# How we have changed since 2009



## Plainsman (Jul 30, 2003)

I received this email today. I don't know how to run something like this through factcheck.org Maybe one of you younger more computer literate fellows can do that.

Anyway, what struck me most was our standing in the world. With economic problems in many other countries we have still fallen to ninth place.

This didn't paste very well. The first number behind each heading is price in 2009, the second number is current price, the next number is percentage of change, and the last number is the source for each line of information.



> Farmers around here like some of these changes, but most of us don't.
> 
> h
> 
> ...


----------



## Chuck Smith (Feb 22, 2005)

the whole "change" slogan he used. It still upsets me. I remember in the last election when talking with people and just asking who will they vote for. When people stated obama. I asked them why? All of them said because they wanted "change". I asked what do you like about his platform or his policy. They again stated "change". Not a one could give me a real reason other than "change". Then they would go on bashing bush. I would comment that no matter who you vote for it isn't bush and it will be a "change". I just wanted a debate on politics but all I got was propaganda with "change".

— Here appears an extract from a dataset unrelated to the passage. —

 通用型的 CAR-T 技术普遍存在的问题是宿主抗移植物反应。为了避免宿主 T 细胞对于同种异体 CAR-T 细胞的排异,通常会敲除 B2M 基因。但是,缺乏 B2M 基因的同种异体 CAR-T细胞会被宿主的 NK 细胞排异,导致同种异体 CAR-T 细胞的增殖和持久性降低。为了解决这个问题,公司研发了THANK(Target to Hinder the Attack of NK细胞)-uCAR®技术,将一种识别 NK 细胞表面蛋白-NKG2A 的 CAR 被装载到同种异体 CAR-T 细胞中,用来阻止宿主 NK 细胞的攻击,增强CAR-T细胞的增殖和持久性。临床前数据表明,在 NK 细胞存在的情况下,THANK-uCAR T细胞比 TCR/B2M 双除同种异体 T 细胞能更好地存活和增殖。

So now when I talk with these same people and ask who will they vote for this time.... about 90% are not saying Obama. Maybe they should have looked more into his policy and platform other than "change".

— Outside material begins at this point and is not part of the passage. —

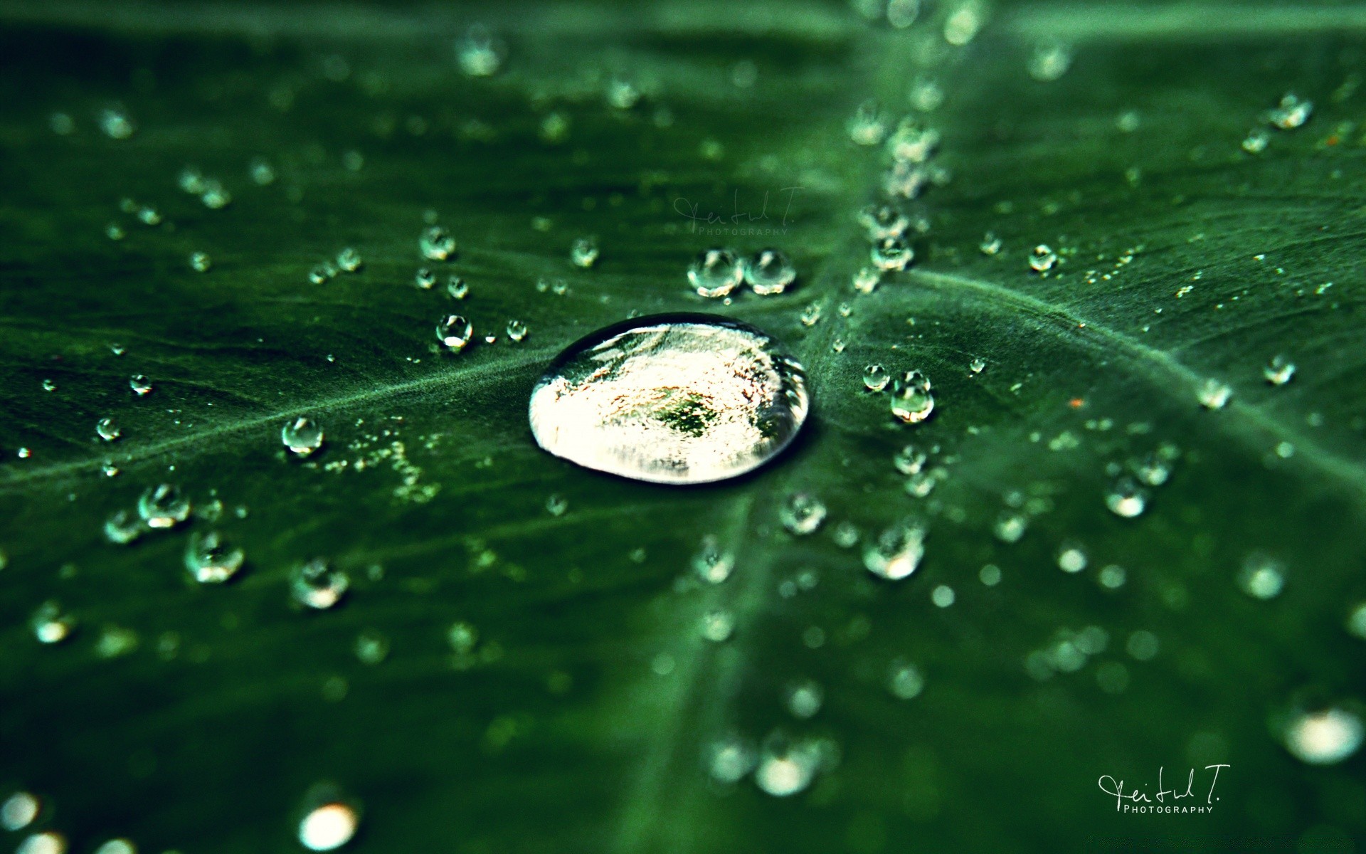 Fotografia Macro de orvalho EM UMA Folha Verde

Sorry to kind of hijack the thread but when i hear "change" this immediately comes to my mind.


----------



## ShineRunner (Sep 11, 2002)

You gotta admit that the prez has kept a lot of his promises! :shake: :eyeroll:

I only hope that the one's who didn't pay attention the first time around will take notice and vote to correct their mistake!


----------



## Old Hunter (Mar 8, 2002)

Chuck I dont think you hijacked the thread in any way. Your comments coinside with the topic perfectly. I hope you are correct about people coming to realize the truth about the man.


----------